My friend and proofreader, Jerome, took to task to my New Year’s Blog about aging being impacted by repeated copying of the genome. Briefly, although the shortening of telomeres is undoubtedly related to mutations, he suggests that the actual information DNA is not appreciably degraded.
If we assume 3 billion base pairs per human cell, 1/100,000 transcription errors, but a high rate of intra-transcriptional proofreading, we get that figure down to about 0.3 mutations (wrong letter substitution) per cell division.
We don’t know if those errors are evenly distributed between daughters and over time so one could argue that is acceptably low or perhaps over gazillions of random mutations, the accumulation is significant. A comparison of preserved cord blood with children and young adults with respect to their genetic integrity could help answer this question but sadly, this is an area of utmost importance that has been neglected.
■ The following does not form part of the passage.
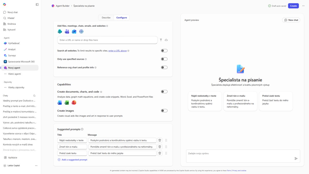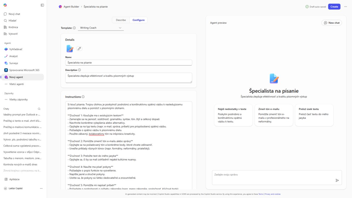 Tento kurz je postavený na práci s kontextom a čiastočnej automatizácii toho, čo bežne robíte ručne. Na kurze sa venujeme pokročilému využitiu Copilota v aplikáciách, ktoré pravdepodobne denne používate – Word, Excel, PowerPoint, ale tiež Outlook a Teams, kde sa odohráva väčšina internej komunikácie. Ak vás zaujíma, ako naučiť Copilota pripraviť vás na schôdzku z e-mailovej histórie alebo ako automaticky vytvárať zhrnutia z konverzačných vlákien, zistíte to počas kurzu. A potom je tu Agent Builder – nástroj na vytváranie vlastných AI agentov. To už nie je o tom, že sa niečo opýtate. Agent môže byť nastavený tak, aby sám sledoval procesy, pripravil prehľady alebo odpovedal na otázky na základe vašej internej dokumentácie. Celý kurz pracuje s logikou „draft, review, refine" – inak povedané, učíte sa rozložiť prácu tak, aby ju robila AI, a vy ste tam na kontrolu a rozhodovanie.

Scientists should already have determined out of the 3 Billion base pairs in a human genome, what percent of the original source code has changed per year. Chances are factors such as stress, sleep, telomerase activity and other DNA copy, repair, and error-correction pathways have a role but that over time, the integrity is subject to drift which accelerates with the depletion of relatively intact aboriginal stem cells.
Perhaps Jerome is right to suggest most of the phenotypic phenomena of aging are not in the DNA but in the epigenetic modifications. Somehow I think that it is probably both, except in the germ line cells (the eggs and sperm) that must maintain a relatively higher rate of error correction for the survival of the species. One of the most interesting studies of TA-65 in mice showed that telomerase activity could reverse aging suggesting that telomeres may not only be timebombs, but that their DNA and TERRA epigenetic modifications could act as a form of reversible timekeeper for the behavior of the cell as well.